Total returns rose to 3.3% over the period, compared with 2.3% the quarter before, the latest Scotland Property Quarterly report from CBRE has found.
The improving performance means total returns came in at 7.3% for 2013, well ahead of the 1% recorded in 2012, with the quarter four showing the strongest since the first quarter of 2010.
The report suggests the findings indicate the economic recovery has "firmer foundations and is more sustainable". However it notes that while the commercial property sector in Scotland has started to close the gap on the UK as a whole, "Scottish property continues to underperform".
The UK commercial property sector produced total returns of more than 10% in the year to the end of December, CBRE said.
Aileen Knox, senior director at CBRE (Scotland), also cautioned that, in spite of positive growth in estimated retail values (ERV) across the retail, office and industrial sectors, the growth was "still limited to specific locations and for those properties which are considered to be at the prime end of the market".
Ms Knox noted 2013 had seen a notable increase in the volume of commercial property transactions, with the £1.78 billion booked "a significant increase on 2012 and higher than any year since 2007".
Nearly half of the transactions by value took place in the fourth quarter, which saw significant rises in office and retail deals.
Retail saw the largest volume increase at £742 million, compared with £233m the year before. The sales of Aberdeen's Bon Accord and St Nicholas Shopping Centres and Glasgow's St Enoch Centre accounted for about half of the total.
On a city-by-city basis, the commercial property sector in Aberdeen continued to outperform Glasgow and Edinburgh. Its lead was most marked in the industrial and office sectors, where it produced annual total returns of 16.7% and 15.5% respectively.
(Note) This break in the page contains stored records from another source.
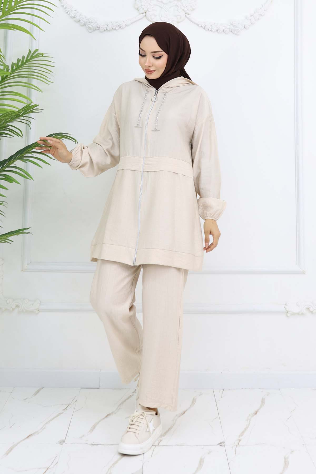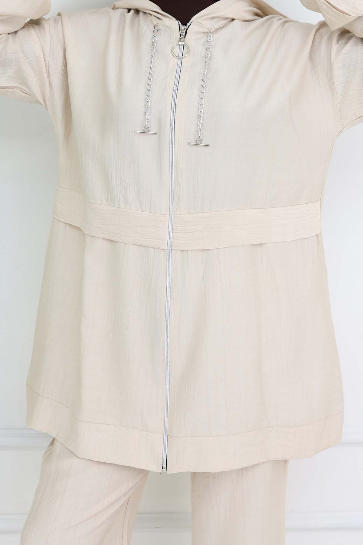 BNG Women Zincir Detaylı Tesettür Takım Taş Rengi 4760 - Mainz
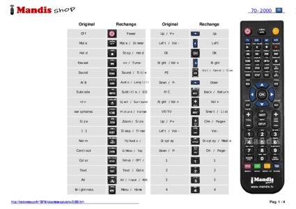 Un document est inclus pour vous aider à utiliser facilement la nouvelle télécommande, en indiquant la correspondance des boutons.
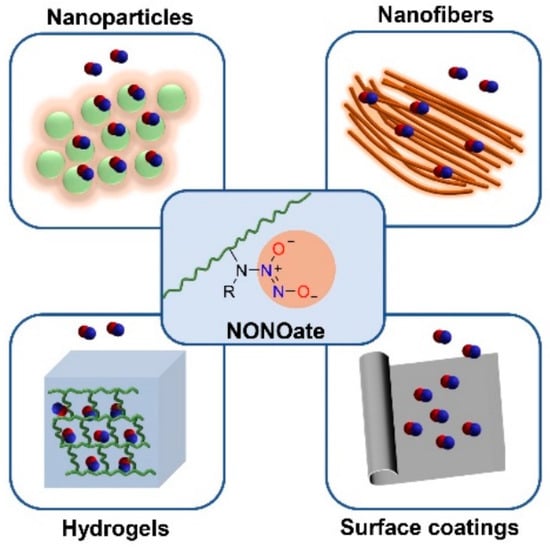NONOate conjugated polymeric materials for antibacterial application: NO releasing hydrogels, reported in [95]; NO releasing nanoparticles, reported in [56,96,97]; NO releasing nanofibers, reported in [98]; NO releasing surface coatings, reported in [99,100,101,102].
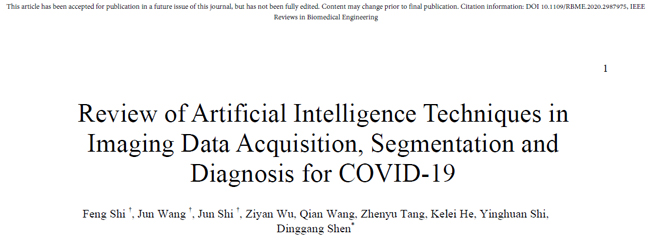 最近,应IEEE杂志特邀,由上海联影智能组织牵头,联合yl23411永利集团施俊教授和王骏副教授、上海交通大学、北京航空航天大学、南京大学等国内一流高校的资深研究人员,对当前AI赋能的医学影像技术在COVID-19中的应用进行了系统回顾和总结,写成综述论文。该论文从无接触影像数据采集、图像分割、疾病诊断和随访等多个环节对已有研究工作进行了系统阐述,所涉及内容贯穿了COVID-19筛查和诊治的全过程,同时也对今后的研究进行了一定的展望。该论文以上海联影智能与yl23411永利集团为共同第一作者单位,医学人工智能领域权威学者沈定刚教授作为通讯作者全程指导和参与撰写。目前该论文已经在生物医学工程领域的权威综述期刊《IEEE Reviews in Biomedical Engineering》上在线发表(https://ieeexplore.ieee.org/document/9069255)。
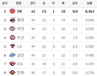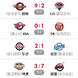 [한화 9 (종료) 2 L G] [KIA 0 (종료) 1 S K] [두산 2 (종료) 1 삼성] [넥센 3 (종료) 7 롯데] 이렇게 오늘의 경기가 다 끝이 납니다.. 응원 & 중계 하시느라 수고하셨습니다.. 내일 쉬시는 분들은 불타는 밤을, 내일 일하시는 분들은 따뜻한 밤 보내시기를..
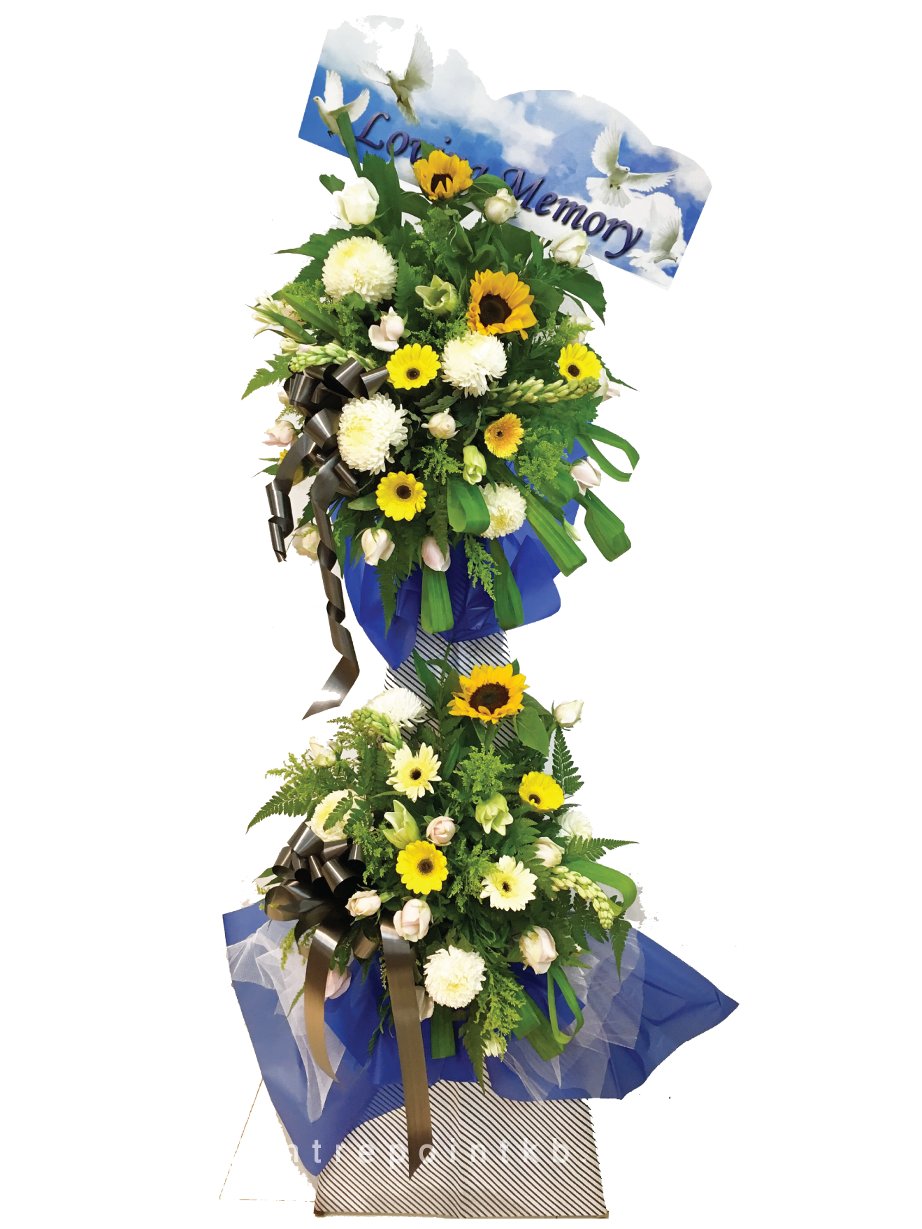 A 2 tier condolence flower stand to grieve for the ones you care. Pay your last respect to the demised, and show that you are thinking of them in your prayers.
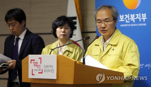| △ "국내 유입 메르스 변이 없어" (대전=연합뉴스) 양영석 기자 = 권준욱 보건복지부 중동호흡기증후군(메르스)관리대책본부 기획총괄반장이 6일 정부 세종청사에서 열린 메르스 관련 정례브리핑에 참석해 국내에 유입된 메르스 바이러스가 변이되지 않은 사실을 발표하고 있다. |
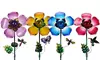Light automatically turns on at dusk, and its glass petals shimmer as they catch the beams from the bulb or the sun
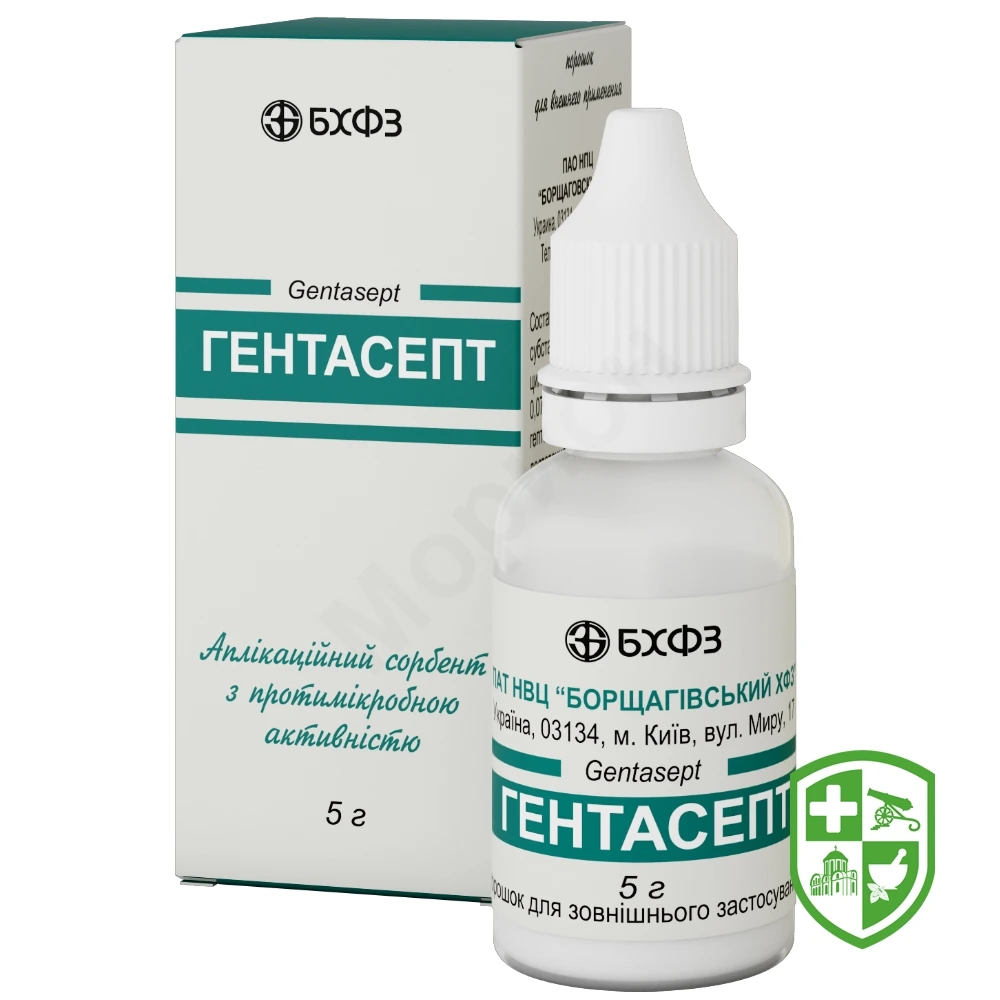 Гентасепт — комбінований антимікробний препарат пролонгованої дії для місцевого застосування, що містить аміноглікозид гентаміцину сульфат, кремнійорганічний сорбент — поліметилсилоксан (метоксан) і сполуку цинку з триптофаном. Гентаміцину сульфат — антибіотик широкого спектра дії з бактерицидним ефектом, активний відносно патогенних грампозитивних мікроорганізмів: Staphylococcus aureus, streptococcus, Mycobacterium spp. — і грамнегативних мікроорганізмів: Pseudomonas aeruginosa, Aerobacter aeruginosa, Escherichia coli, Proteus spp., Klebsiella spp., Serratia spp., Shigella spp., Salmonella spp., Citrobacter spp., Providenta spp., Yersinia spp. Поліметилсилоксан забезпечує сорбційно-дезінтоксикаційні властивості та разом з цинктриптофаном потенціює антибактеріальні ефекти антибіотика та підтримує протимікробну концентрацію антибіотика в рані на терапевтичному рівні протягом 8 діб. Аплікаційна терапія препаратом Гентаcепт знижує на 2–3-тю добу кількість мікроорганізмів у рані до мінімального рівня (102-103 в 1 г), прискорює перехід фази гідратації у фазу дегідратації, попереджає розвиток можливих гнійно-септичних ускладнень. Завдяки сорбційним властивостям препарат поглинає токсичні продукти життєдіяльності мікроорганізмів, низькомолекулярних токсичних метаболітів тканин (піровиноградна та молочна кислоти, перекисні сполуки, продукти окиснення амінокислот, поліпептиди, ліпіди та ін.), продукти дегідратації фібрину. Механізм дії препарату Гентаcепт пов'язаний не тільки з пригніченням синтезу білка мікроорганізмів, але також із порушенням ліпідного шару клітинної стінки внаслідок утворення комплексів. Гентаcепт зменшує прояви місцевої та загальної інтоксикації, маючи антибактеріальні властивості та чинить дренажну і протинабрякову дії, нормалізує мікроциркуляцію, газообмін, рН середовища в рані. Це сприяє очищенню ран від продуктів ексудації та розпаду тканин, зникненню місцевих запальних реакцій, стимуляції росту грануляційної тканини, покращенню процесу загоєння, запобігає утворенню келоїдних рубців. Гентаcепт також очищає рани при опіках, зменшує запальні реакції при їхньому лікуванні, скорочує площу глибоких опіків, запобігаючи руйнуванню тканин, прискорює формування грануляційного покриву при глибоких опіках та епітелізацію при поверхневих опіках, сприяє якісній підготовці ран до аутодермопластики.
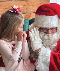 Linda Runzi, 73, of Festus took this picture of her great-granddaughter, Gwen Green, 4 of Imperial with Santa. “We were all waiting to hear her Christmas list, but she decided to tell it ‘secretly’ to Santa,” Linda said.
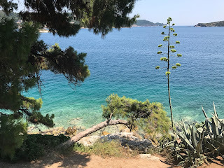 Obviously a moat isn't necessary to write but for this introvert peace and quiet is. I get that by running away and focusing only on writing. Nobody is going to interrupt from Alonissos. Sure, I could get that other places and on occasion I have. But I'm telling you an ocean makes an excellent moat and the Aegean Sea makes a gorgeous one. I highly recommend it.
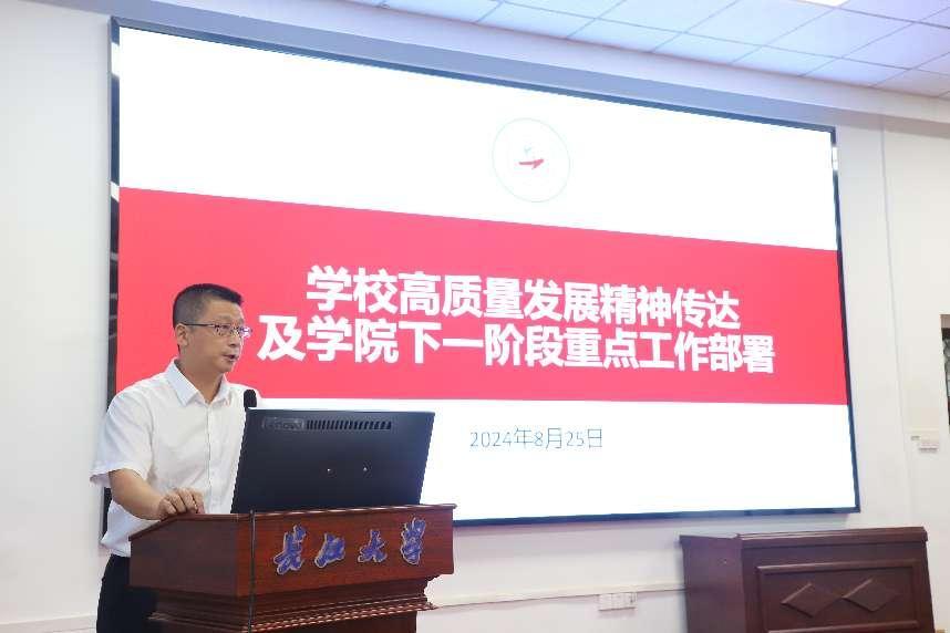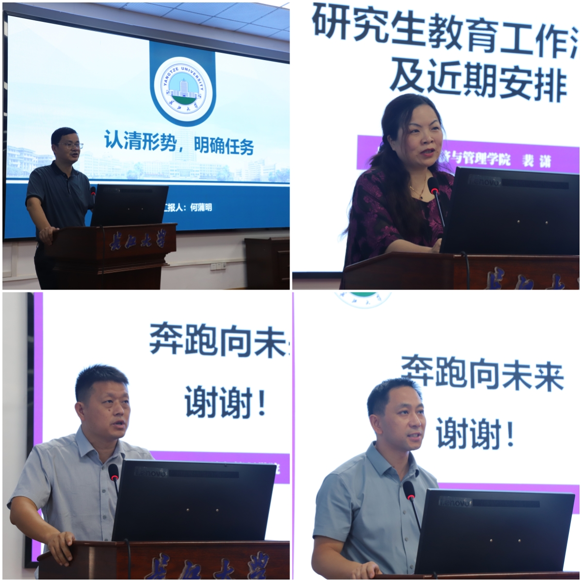 公司副经理何蒲明以“认清形势,明确任务”为题,从公司团队建设的基本现状、科研任务完成情况、后期主要工作等三个方面出发,指出公司目前在相关工作中的不足之处,提醒老师们要明确努力的方向,为公司高质量发展贡献力量;副经理裴潇从学位点评估、研究生招生、公司产品、研究生新生入学工作等四个方面做了工作安排,并特别强调了学位点评估工作面临的挑战,传达了前期学位点核验和评估阶段专家反馈的意见和建议,对老师们提出了相应的要求,动员大家齐心协力做好整改工作;副经理王华强针对开学第一周上课准备、开学补考、毕业生学分核验、毕业论文抽检、毕业生推免等做了详细的工作安排;党委副书记平先锋就员工工作做了重要提示,先是向老师们通报了暑期员工工作开展情况,接着就近期的开学报到工作、毕业生就业工作、新生入学工作、工会工作等进行了详细部署。
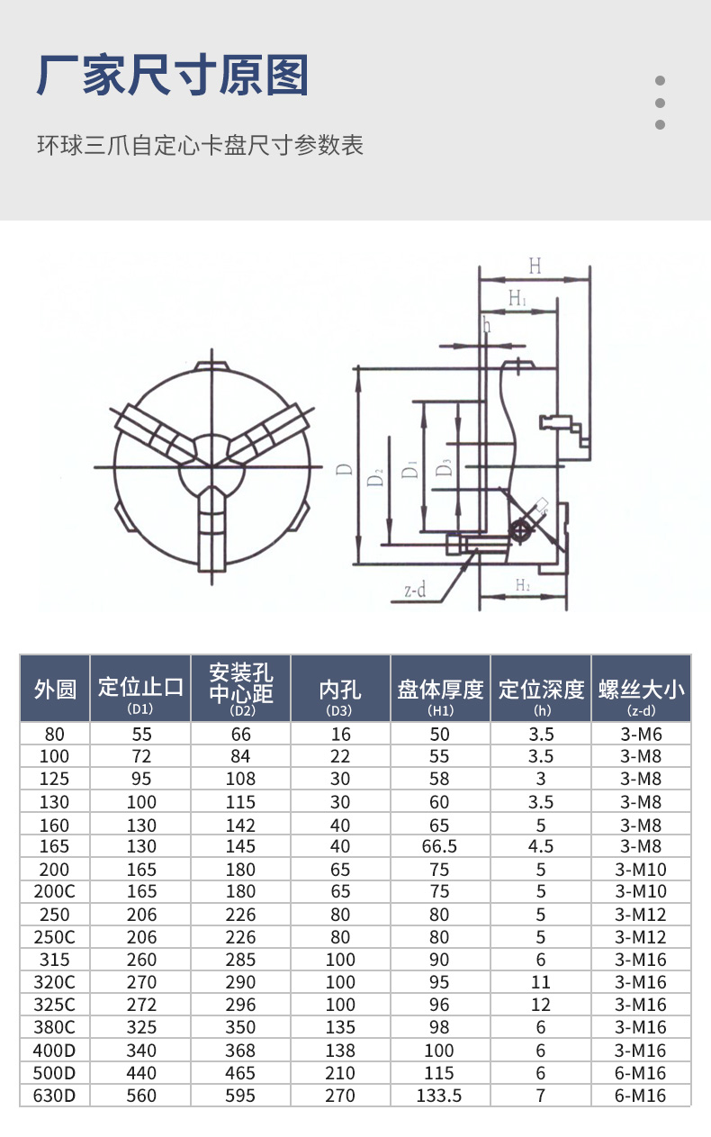 Mâm cặp mâm cặp ba hàm vạn năng 160 Máy công cụ CNC 200 tự định tâm K11-250 khẩu độ lớn 320 Sổ tay hướng dẫn sử dụng
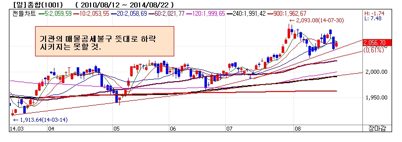 위는 종합지수 일봉차트이다. 옵션만기이후 기관은 인위적으로 시장을 꺽기 위하여 매물공세를 퍼붓고 지난 목요일의 경우에는 중국의 PMI지수를 빌미로 시장을 꺽으려 하였다. 그러나 상해지수는 소폭 조정하는 선에서 마감을 하였고 금요일에는 목표일 조정분을 전부 회복하면서 마감하였다. 상해지수의 견고한 모습을 보여주고 있다.
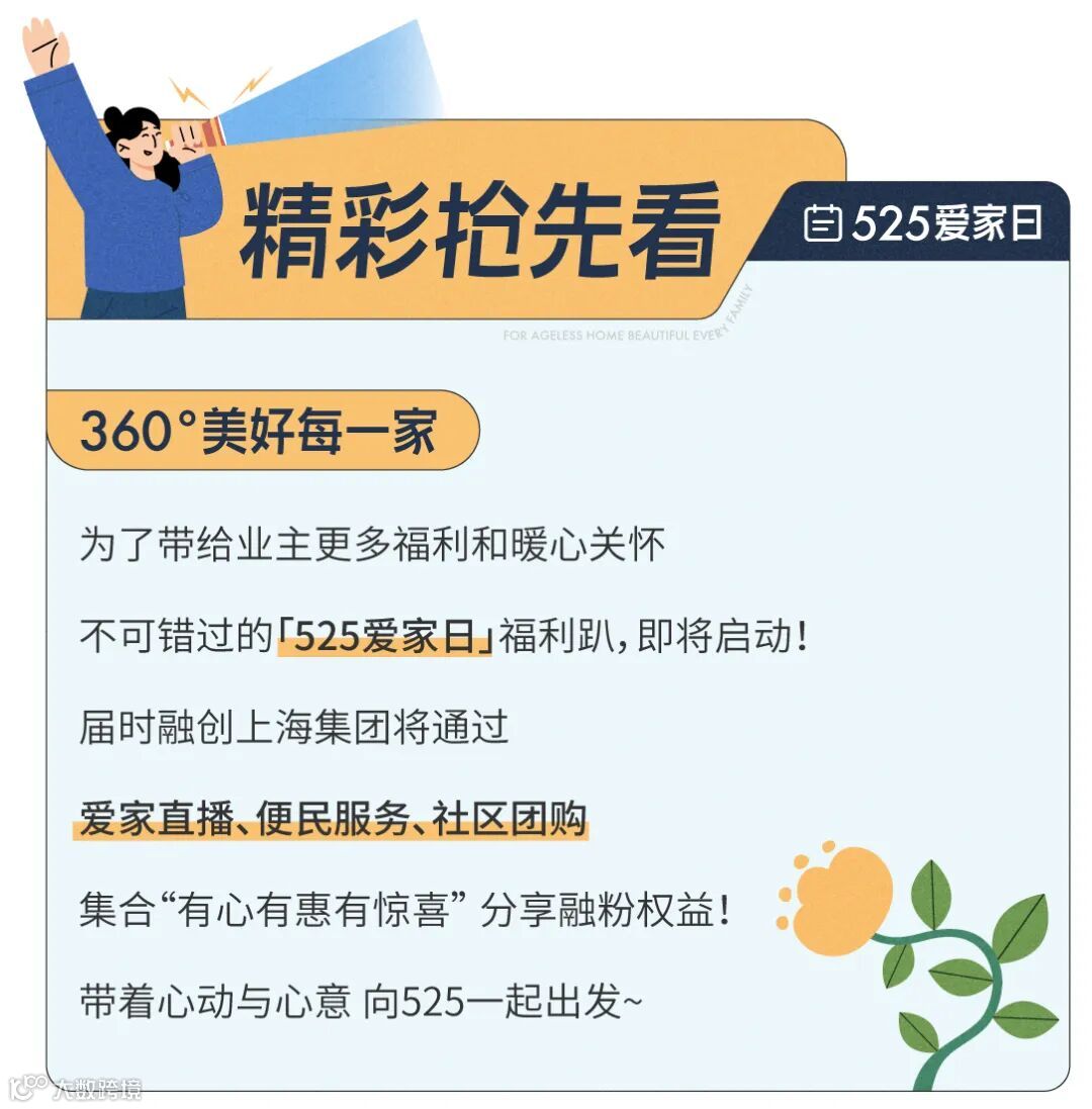 有心意也有福利!爱家行动组织爱家团购会、520融粉权益日、房屋信息整合、乐园福利释放等,让业主实实在在收获各项福利。同时在融创会小程序平台,也将不断发起#全网征集爱家知识博主#等超话,根据话题分享各种技能,参与爱家活动打卡,成为头号融粉&知识博主,更将获得融币积分、爱家权益券、爱家惊喜礼包等福利,一手解锁爱家荣誉N次方!
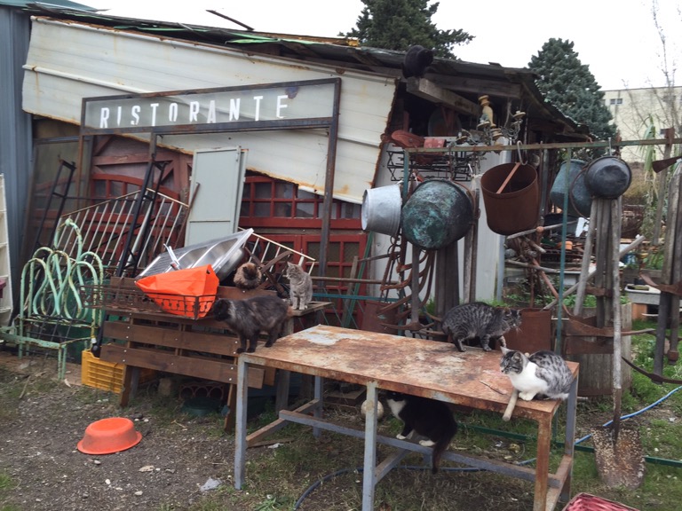 This morning we drove to a nearby town where, we were reliably informed, could be found a reclaimation yard. We arrived at a ramshackle group of buildings and a house whose garden was filled with terracota flowerpots of every size imaginable. This is the realm of Mauro and is called “Il Corte del Tarlo” which translates as “The Woodworm Court”. Apart from Mauro we were also welcomed by the wonderful Gina (14 year old Alsatian), Camilla (a tame sheep) and about a dozen beautiful, but shy cats. What an incredible place, stuffed full of enormous wardrobes, sideboards and corner cupboards the size of small sheds. No-one has room for these anymore and they languish in the open sheds and leaky-roofed outbuildings like sad echoes of more elegant times, damask curtains and silver service.
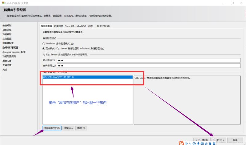 14.填好密碼后,點擊添加用戶,出現下面界面,再單擊下一步
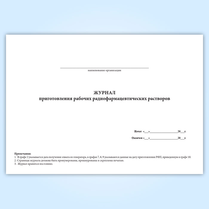 Журнал приготовления рабочих радиофармацевтических растворов в Великом Новгороде купить

The report said the findings chimed with the long-standing trend for stronger returns in the city, driven by strong occupier demand, low levels of supply and the high price of oil.
However, it suggested that Edinburgh and Glasgow were beginning to catch up. Edinburgh offices recorded annual total return of 11.6%, while the industrial sector in Scotland's two biggest cities delivered yearly returns of 8.4%. It means Glasgow and Edinburgh were the only two other cities to outperform the all-property Scottish total return.
Ms Knox said: "The survey data included in our Q4 report is generally positive, with favourable improvements in the Bank of Scotland's PMI (purchasing managers' index) indicators between December 2013 and January 2014, levels of unemployment continuing to fall and GDP data available for Q3 showing that Scottish GDP grew by 0.7%.
"However, whilst retail sales for the UK fared well last year, the retail sales data for Scotland has been more disappointing with like-for-like sales falling over the 12-month period between December 2012 and December 2013."